Allow you for a moment to understand they are human as you are, and feel the same level of feelings with intensity as you do, therefore create a deeper more connected bond than the normal five minute greeting. After these questions you know them more intimate and with understanding and with total absence of judgement.
This experiment is designed to entice you to ask a random person these same few questions. Become friends with a stranger, prevent further assessing, or passing judgement, we have been programmed to perceive. Let’s shatter how things are done in this community and make the granite belt a closer family rather than neighbourhood. For an autistic mum to a daughter who is always under judgement and perception, this would be ultimate paradise. Maybe you want to ask someone you know very well, curious to see if you know them as well as you do?
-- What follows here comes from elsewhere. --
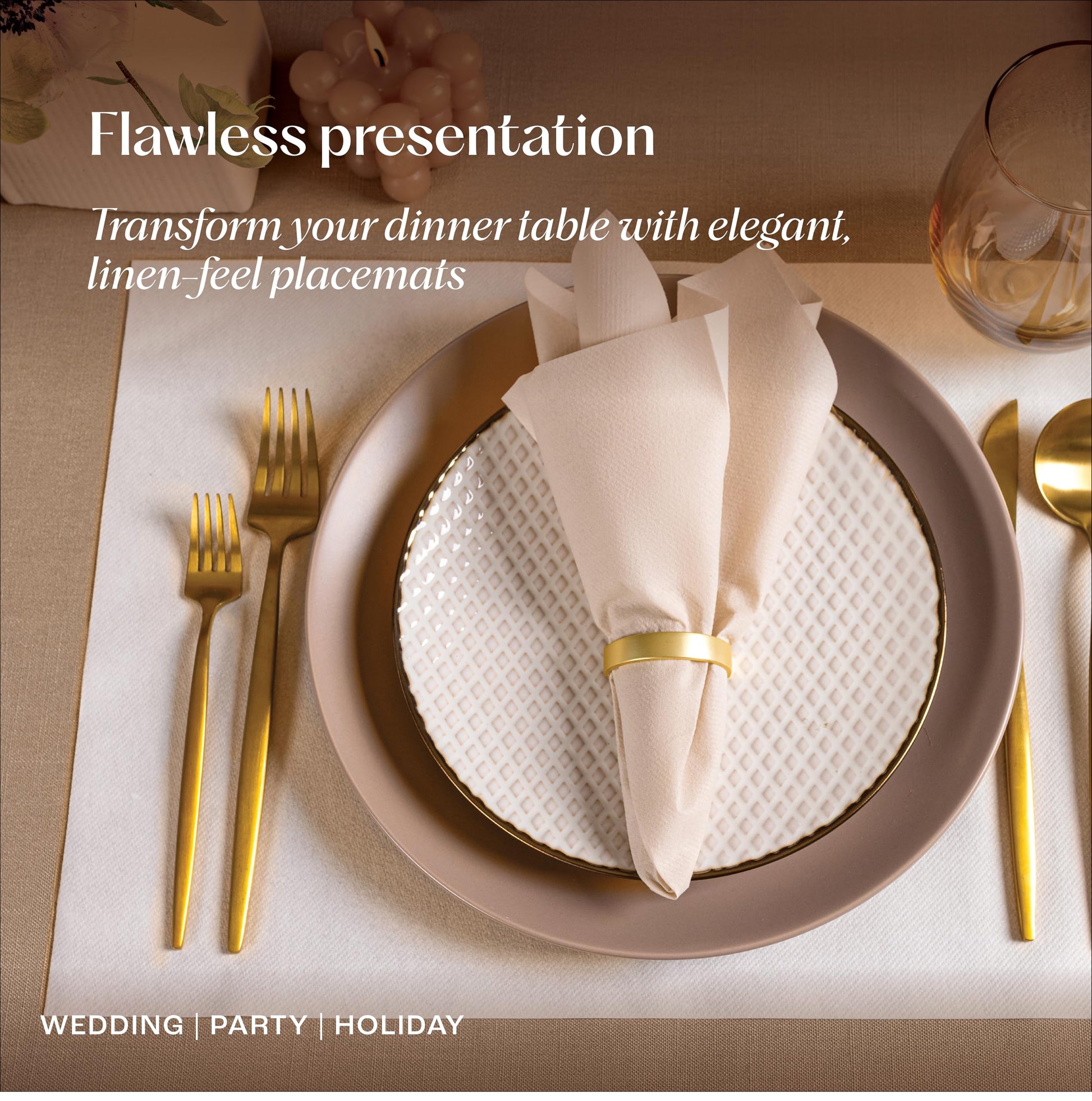 • Q: Are these placemats suitable for formal events? A: Yes, these elegant paper placemats are perfect for formal events, intimate dinners, and special celebrations.

This is meant to provoke you into thinking and ask yourself about how you perceive people and what you feel yourself . How honest are you with sharing your hardships. It wasn’t easy for a lot of people to step forward with their stories but when they did. They knew that it was for them self as much as to help me with my cause because a small part of them was frustrated with being judged as well. Is that something you fear? Is this something you would yourself have the courage to do? Would you be one of my models if I had asked? Would you answer these questions and let your community hear your answers? Please applaud those that did, I feel they are incredibly brave and the cause was for the GRANITE BELT community as a whole to remember who we are and when we look out for each other what that’s really asking us to do. It means to love and care for our neighbour as we would love want them to love and care for ourselves.